══ Data excerpt

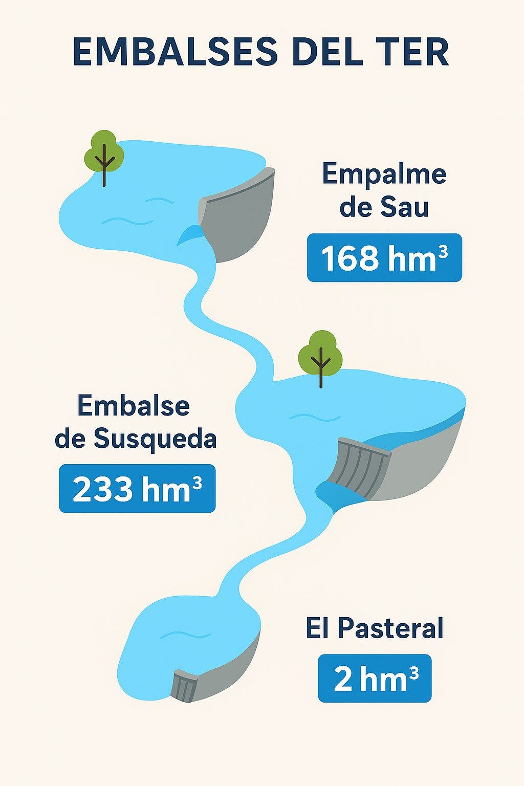 El sistema hidroeléctrico del Ter está compuesto por los embalses de Sau, Susqueda y el Pasteral, que trabajan de forma escalonada:
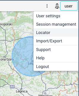 Locator provides a possibility of defining your current location on the map. This is particularly helpful if you use a locator from a mobile device.
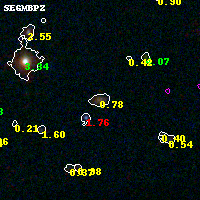 Object #16921 x,y = (1236, 4636) RA, Dec = (04:54:20.544, 02:56:30.12) = (73.58560, 2.94170) BPZ = 0.776 [0.712--0.888] type = 8.60 (SB2_B10 - SB1_B10) chisq2 = 0.44 ODDS = 0.86 z_cluster = 0.203

════

● **Your task**
Restate the material above exactly. Exclude all pictures.

● **Task output**
 El sistema hidroeléctrico del Ter está compuesto por los embalses de Sau, Susqueda y el Pasteral, que trabajan de forma escalonada:
 Locator provides a possibility of defining your current location on the map. This is particularly helpful if you use a locator from a mobile device.
 Object #16921 x,y = (1236, 4636) RA, Dec = (04:54:20.544, 02:56:30.12) = (73.58560, 2.94170) BPZ = 0.776 [0.712--0.888] type = 8.60 (SB2_B10 - SB1_B10) chisq2 = 0.44 ODDS = 0.86 z_cluster = 0.203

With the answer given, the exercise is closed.